The reference to the Humphrey case was to one of the cases where the NHS LA as paying party had challenged the Bill of Costs presented by the Firm and the matter had proceeded to detailed assessment before a District Judge as costs judge. The original Bill in that case, which claimed an hourly rate of £400 for all fee earners and a success fee of 100% was for £37,298. Following the detailed assessment on 17 April 2013, the Bill was reduced by DJ McIlwaine to £3,330.35, a 91% reduction.
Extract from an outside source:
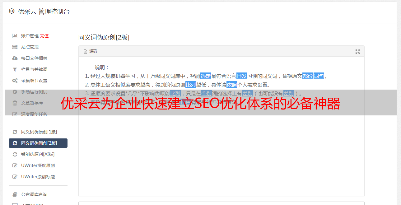 使用优采云后,不仅可以大幅度减少人工干预时间;而且还能够有效避免人工干预带来的风险。因此,优采云不仅是一款强大的全自动文章采集工具;也是一个能够帮助企业快速建立SEO优化体系的必备神器。
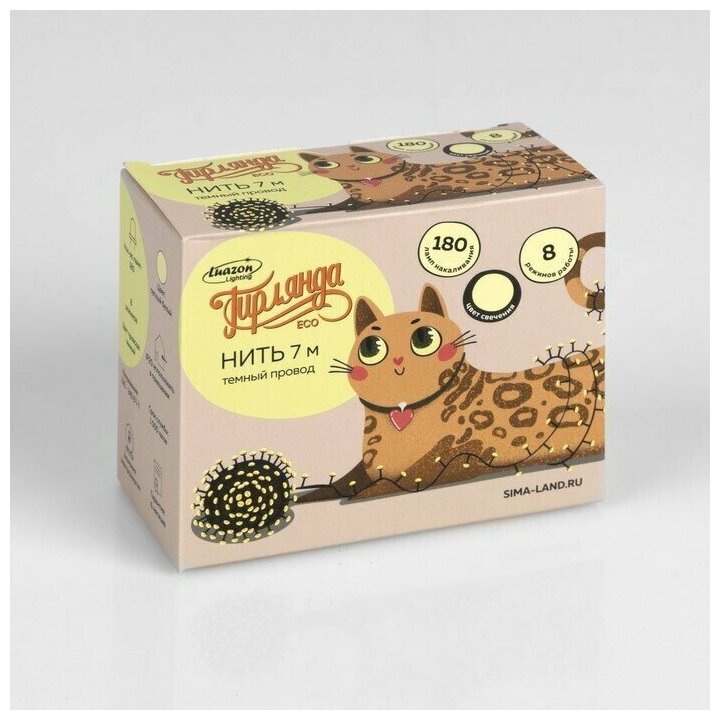 Luazon Lighting Гирлянда «Нить» 7 м, IP20, тёмная нить, 180 ламп, свечение тёплое белое, 8 режимов, 220 В

At [20.29] the SDT had cited his observation during the detailed assessment that it was a relatively straightforward matter and there was nothing complex about the case. At [20.30] the SDT had recorded what the District Judge had said in relation to the 100% success fee that it was: “with the greatest of respect, shall we say ambitious. I think the man on the Clapham Omnibus might put it slightly differently.” He reduced the success fee to 25%. The SDT also recorded that having awarded £3,330.36 in costs, the District Judge remarked “Blimey” when he was reminded that the original amount claimed by the Firm was £37,928.

10

Returning to [20.62] of the judgment in the present case, having referred to some of the expert evidence, the SDT continued:

“The Tribunal accepted that with the £400.00 hourly rate being contained in the CFA [i.e. the Conditional Fee Agreement between the Firm and its client], there was no breach of the costs rules in including that rate in the Bills. However, the costs rules also required Bills to be proportionate. This was not a question of technical costs rules breaches; that had been conceded by the Applicant. The question was, as described by Mr James, an ethical one. The Tribunal agreed with DJ Besford's assessment that this was not a commercially negotiated rate. In fact, the rate was one which the clients knew they would never be required to pay given the system operated by the Firm. The Tribunal found that the First Respondent had set the rate at an artificially high level in the knowledge that the clients would not object, so that he could maximise costs without regard for the need for those costs to be reasonable and proportionate.”

11

The reference to DJ Besford was to one of the other District Judges sitting in Hull who had conducted detailed assessments of the Firm's costs, in particular Scott, in relation to which the SDT had cited at [20.36] his judgment dated 28 July 2014 which was highly critical of the Firm's conduct and Johnson, in relation to which the SDT had cited at length at [20.37] his judgment dated 23 September 2015, which was also highly critical of the Firm's conduct. In particular DJ Besford had said:

“…over a number of years I have assessed a significant number of [the Firm's] bills. My comments are based on that experience. … The bills often show that a number of fee earners have been involved. The fee earners are usually described as being ‘Fee Earner X (assisted by his/her team)’ or ‘Supervisor X’. Their status, using the guideline descriptions are...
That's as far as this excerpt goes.